-- Opening Marker --

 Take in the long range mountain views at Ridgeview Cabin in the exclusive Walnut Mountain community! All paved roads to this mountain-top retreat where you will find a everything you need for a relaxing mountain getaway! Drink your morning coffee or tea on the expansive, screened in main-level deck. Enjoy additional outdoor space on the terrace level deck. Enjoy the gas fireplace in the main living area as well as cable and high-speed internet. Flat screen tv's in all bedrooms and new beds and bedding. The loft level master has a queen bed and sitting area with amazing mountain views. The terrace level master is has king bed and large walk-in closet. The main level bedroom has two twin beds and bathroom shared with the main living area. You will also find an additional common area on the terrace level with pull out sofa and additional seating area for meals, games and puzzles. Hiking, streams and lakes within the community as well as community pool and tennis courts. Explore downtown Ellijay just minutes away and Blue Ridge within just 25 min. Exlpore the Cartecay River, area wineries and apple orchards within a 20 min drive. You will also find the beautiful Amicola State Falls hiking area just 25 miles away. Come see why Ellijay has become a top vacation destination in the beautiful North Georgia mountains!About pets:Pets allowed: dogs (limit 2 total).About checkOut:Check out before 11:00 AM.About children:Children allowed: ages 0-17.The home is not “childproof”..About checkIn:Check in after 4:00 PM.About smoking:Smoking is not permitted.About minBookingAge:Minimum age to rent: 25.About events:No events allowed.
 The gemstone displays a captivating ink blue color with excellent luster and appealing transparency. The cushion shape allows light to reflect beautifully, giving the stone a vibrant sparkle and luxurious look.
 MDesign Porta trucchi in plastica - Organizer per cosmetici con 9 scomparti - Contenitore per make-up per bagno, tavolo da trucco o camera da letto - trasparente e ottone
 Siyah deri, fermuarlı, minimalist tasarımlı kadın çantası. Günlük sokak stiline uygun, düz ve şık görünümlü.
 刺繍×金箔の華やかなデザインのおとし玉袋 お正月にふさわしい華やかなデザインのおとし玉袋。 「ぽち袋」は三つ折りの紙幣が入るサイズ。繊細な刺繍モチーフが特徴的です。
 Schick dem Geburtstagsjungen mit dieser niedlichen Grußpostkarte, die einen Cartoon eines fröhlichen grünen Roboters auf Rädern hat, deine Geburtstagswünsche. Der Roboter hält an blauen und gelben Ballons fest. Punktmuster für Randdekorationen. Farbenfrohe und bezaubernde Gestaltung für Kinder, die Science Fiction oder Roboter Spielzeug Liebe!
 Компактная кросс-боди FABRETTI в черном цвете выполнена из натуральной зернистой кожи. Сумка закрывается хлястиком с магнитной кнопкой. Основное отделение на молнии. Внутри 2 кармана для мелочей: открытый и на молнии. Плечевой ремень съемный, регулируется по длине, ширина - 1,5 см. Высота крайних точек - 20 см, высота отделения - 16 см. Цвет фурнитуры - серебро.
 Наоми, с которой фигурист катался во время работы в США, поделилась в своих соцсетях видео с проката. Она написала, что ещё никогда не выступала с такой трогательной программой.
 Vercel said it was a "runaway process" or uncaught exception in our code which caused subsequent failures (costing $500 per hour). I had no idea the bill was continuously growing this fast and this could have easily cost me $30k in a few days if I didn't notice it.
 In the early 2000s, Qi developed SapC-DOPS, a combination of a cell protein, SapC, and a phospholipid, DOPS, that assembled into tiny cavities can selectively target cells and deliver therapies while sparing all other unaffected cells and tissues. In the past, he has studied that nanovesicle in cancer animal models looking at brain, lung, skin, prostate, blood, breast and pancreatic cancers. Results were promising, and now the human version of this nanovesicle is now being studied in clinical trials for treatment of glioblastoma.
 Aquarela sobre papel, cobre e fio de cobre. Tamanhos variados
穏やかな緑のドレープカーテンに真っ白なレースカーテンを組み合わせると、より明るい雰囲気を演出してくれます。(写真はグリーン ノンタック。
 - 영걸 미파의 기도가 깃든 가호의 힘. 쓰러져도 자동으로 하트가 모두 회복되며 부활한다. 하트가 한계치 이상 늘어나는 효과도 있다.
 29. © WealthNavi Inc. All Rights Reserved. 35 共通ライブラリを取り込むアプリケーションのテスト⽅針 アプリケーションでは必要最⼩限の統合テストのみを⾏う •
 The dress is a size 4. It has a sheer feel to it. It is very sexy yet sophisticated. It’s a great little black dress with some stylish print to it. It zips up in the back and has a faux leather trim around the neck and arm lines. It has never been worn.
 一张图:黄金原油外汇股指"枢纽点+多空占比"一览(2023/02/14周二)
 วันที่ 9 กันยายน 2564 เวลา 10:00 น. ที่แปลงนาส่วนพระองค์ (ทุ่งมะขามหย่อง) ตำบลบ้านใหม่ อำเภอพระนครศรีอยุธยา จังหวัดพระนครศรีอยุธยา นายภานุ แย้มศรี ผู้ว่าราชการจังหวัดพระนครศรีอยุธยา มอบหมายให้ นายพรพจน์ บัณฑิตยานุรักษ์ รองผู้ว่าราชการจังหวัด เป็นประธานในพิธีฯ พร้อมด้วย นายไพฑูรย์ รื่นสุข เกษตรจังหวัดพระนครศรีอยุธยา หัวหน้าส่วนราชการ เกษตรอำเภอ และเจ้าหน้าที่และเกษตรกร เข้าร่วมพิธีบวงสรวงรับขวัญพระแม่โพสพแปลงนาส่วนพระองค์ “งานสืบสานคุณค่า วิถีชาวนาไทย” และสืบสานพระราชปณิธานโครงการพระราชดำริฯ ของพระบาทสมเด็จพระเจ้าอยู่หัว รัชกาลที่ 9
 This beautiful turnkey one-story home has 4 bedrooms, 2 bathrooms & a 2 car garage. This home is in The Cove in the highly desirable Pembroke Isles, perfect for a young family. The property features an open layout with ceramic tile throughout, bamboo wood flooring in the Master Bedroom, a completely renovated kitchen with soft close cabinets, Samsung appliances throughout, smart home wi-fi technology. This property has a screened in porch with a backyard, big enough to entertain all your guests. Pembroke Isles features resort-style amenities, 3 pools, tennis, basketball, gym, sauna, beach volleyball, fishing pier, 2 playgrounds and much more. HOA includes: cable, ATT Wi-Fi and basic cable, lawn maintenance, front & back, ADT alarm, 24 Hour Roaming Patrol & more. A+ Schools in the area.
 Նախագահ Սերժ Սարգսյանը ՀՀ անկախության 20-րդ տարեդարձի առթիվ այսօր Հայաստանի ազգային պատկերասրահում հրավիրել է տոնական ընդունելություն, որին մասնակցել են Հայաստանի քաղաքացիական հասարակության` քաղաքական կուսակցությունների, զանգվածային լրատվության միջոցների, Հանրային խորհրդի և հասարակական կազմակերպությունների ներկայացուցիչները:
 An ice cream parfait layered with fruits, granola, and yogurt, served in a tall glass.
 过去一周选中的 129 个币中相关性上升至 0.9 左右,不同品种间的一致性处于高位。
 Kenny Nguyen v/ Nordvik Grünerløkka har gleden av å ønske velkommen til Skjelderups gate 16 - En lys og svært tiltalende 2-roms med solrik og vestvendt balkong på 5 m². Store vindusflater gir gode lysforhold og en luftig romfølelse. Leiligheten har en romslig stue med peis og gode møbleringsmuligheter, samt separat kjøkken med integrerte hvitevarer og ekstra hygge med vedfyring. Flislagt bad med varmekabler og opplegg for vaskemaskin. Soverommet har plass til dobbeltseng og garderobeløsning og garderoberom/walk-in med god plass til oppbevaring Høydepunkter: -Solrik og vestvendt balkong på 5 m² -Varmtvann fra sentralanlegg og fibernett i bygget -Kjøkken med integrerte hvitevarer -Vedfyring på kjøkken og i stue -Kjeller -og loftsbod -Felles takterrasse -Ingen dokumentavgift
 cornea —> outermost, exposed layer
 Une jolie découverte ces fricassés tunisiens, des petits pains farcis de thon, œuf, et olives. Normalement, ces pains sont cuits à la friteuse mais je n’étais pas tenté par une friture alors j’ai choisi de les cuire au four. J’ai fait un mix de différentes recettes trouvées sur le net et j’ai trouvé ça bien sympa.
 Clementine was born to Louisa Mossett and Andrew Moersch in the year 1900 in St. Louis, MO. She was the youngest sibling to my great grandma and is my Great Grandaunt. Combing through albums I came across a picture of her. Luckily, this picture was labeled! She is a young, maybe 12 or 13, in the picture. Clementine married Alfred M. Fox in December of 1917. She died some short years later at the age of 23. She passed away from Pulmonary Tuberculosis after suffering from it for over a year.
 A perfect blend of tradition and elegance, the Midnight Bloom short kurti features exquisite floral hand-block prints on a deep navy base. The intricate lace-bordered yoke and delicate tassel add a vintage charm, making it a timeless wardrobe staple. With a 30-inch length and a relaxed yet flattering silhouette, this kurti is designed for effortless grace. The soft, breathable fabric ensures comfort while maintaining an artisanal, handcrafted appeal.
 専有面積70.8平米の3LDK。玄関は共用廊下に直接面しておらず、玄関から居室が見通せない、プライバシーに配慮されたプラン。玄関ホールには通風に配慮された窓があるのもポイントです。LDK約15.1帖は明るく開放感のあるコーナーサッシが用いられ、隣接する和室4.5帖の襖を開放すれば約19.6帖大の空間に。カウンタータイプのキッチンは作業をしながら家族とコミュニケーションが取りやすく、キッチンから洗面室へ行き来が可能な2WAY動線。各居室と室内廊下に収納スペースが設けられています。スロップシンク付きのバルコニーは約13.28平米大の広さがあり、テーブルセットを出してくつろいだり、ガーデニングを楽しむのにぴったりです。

-- Closing Marker --

**Your assignment:** Each line in the entries above, starting at the line with "Vercel said it" and ending at the line with "Aquarela sobre papel, cobre", is to be printed exactly, and only those lines.

**Your response:**
 Vercel said it was a "runaway process" or uncaught exception in our code which caused subsequent failures (costing $500 per hour). I had no idea the bill was continuously growing this fast and this could have easily cost me $30k in a few days if I didn't notice it.
 In the early 2000s, Qi developed SapC-DOPS, a combination of a cell protein, SapC, and a phospholipid, DOPS, that assembled into tiny cavities can selectively target cells and deliver therapies while sparing all other unaffected cells and tissues. In the past, he has studied that nanovesicle in cancer animal models looking at brain, lung, skin, prostate, blood, breast and pancreatic cancers. Results were promising, and now the human version of this nanovesicle is now being studied in clinical trials for treatment of glioblastoma.
 Aquarela sobre papel, cobre e fio de cobre. Tamanhos variados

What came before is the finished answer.